The fingers dug into his shoulder. He expected rebuke when he looked up. But the old man unveiled to him, showing his naked face, and there was no anger there. “I thought you would say so,” Eddan said, which was incredible, for he had not known himself: it was impulse. But the old man knew him that well. “Do as you think right,” Eddan said further. “Stay. I will not forbid you.”
And the old man rose and ordered the others, who moved about their separate tasks. One brought the vessels of ritual, given by the Sen, that were for burying, and set them at Medai’s feet; Pasev brought water; and Dahacha, cloths for washing; and Palazi filled the lamps for the long vigil; and Debas whistled softly to the dusei and took them from the outer hall, herding them away into the tower of the Kel so that they should not disturb the solemnities. In the midst of the activity Niun sat, conscious finally that he had torn his robe in his haste for descending from the hills, and that he was dusty and his hands were foul with dirt. Feet pattered about him. Sirain came, half-blind Sirain, and gave him a damp cloth, and Niun unveiled and washed his face and veiled again, grateful for his thoughtfulness. Liran brought a robe for him, and he changed his siga in the very Shrine, for it was not respect to sit the watch in disorder.

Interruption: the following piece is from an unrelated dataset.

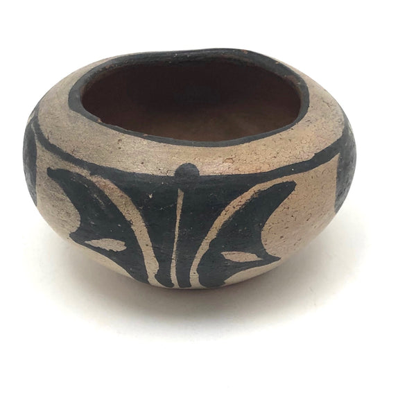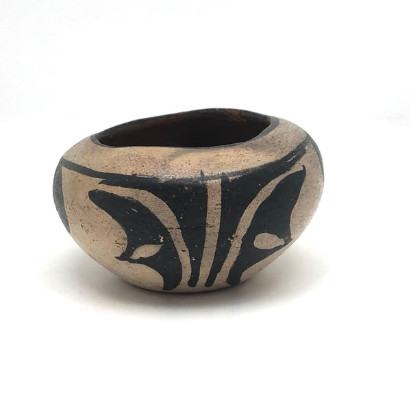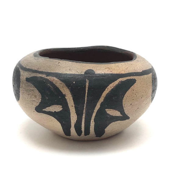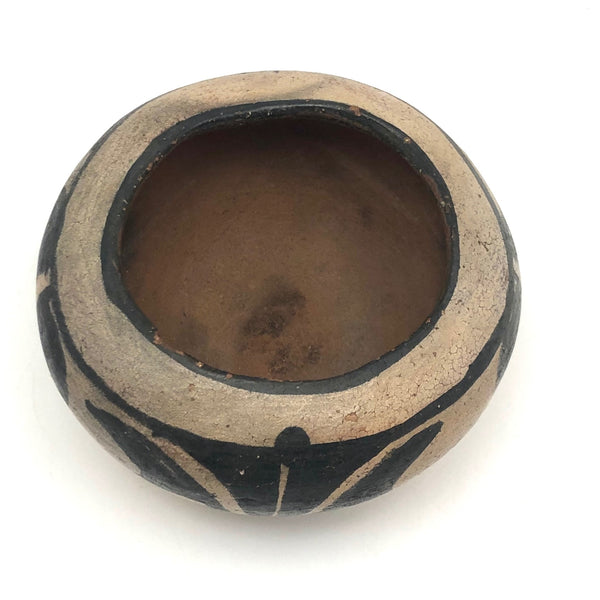 Little but lovely, I believe this old Native American Pueblo bowl is most likely Santo Domingo, one of the largest of the northern pueblos, located between Santa Fe and Albuquerque. Coil made, with super black hand-painted design over cream slip, with the pattern repeated twice around the perimeter. I would think not older than the 1940s but am not an expert.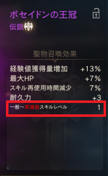 スキルレベル増加効果を持つ聖物を召喚した場合、定められたスキルの等級範囲に該当するスキルの強化レベルを増加させる効果が付与されます。

H
e sat down again, and began to be calmer at their quiet, efficient ministering.
Then at Eddan’s whispered word, they began to take the ugly white shroud from Medai, and patiently, patiently the fingers of one and the other of them tore the webbing that was as close-spun as a cocoon and well-nigh impenetrable—like cho-silk it was, having to be unraveled with the fingers. But Pasev knew to touch the regul fiber with a burning wick, and so to part the strange web. The material burned sullenly, but it gave way, shedding its chemical smell into sickening union with the incense that lowered overhead.

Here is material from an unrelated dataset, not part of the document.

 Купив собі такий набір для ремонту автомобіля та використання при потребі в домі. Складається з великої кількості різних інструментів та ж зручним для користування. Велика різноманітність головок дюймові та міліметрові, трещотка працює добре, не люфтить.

It was something on which they all silently agreed, that they would not give to burial a kel’en in a regul shroud, whatever the inconvenience; and gradually they recovered Medai from the web, a face that they remembered, a countenance, still and pale. The body was small and thin in death, pitifully so; it weighed very little, and Medai had been a strong man. The honors that they found laced to his belts were many, and the seta’al were weathered to pale blue on his face. He had been a handsome youth, had Medai s’Intel, full of the life and the hope of the edun in brighter days. Even now he was very fine to see. The only marring of him was the blood that stained the fiber under his central ribs, where he had dealt himself his death wound.
Suicide.
Niun worked, not looking at Medai’s face, trying not to think what his hands did, lest they tremble and betray him. He was trying to remember better days, could not. He knew Medai too well. His cousin was in his dying as he had been in life: selfish, arrogant to match regul arrogance, and stubborn with it all. It was wrong to hold anger with the dead, impious. But in the end Medai had been as useless to his kinfolk as he had always been. Medai had lived for himself and died for his own reasons, nothing regarding what others might need of him; and there was precious little honor for a cold corpse, whatever the high traditions of the Kel.
They had parted in anger. He remembered, each day of his life for six years he had remembered, and he knew why the she’pan had wanted him upstairs, and what was surely in the minds of his brother kel’ein who sat with him. There had been a quarrel, the av’ein-kel, the long blades drawn; it had been his own fault, drawing first, in the Shrine hall, outside. It was the day that Medai had laid hand on Melein.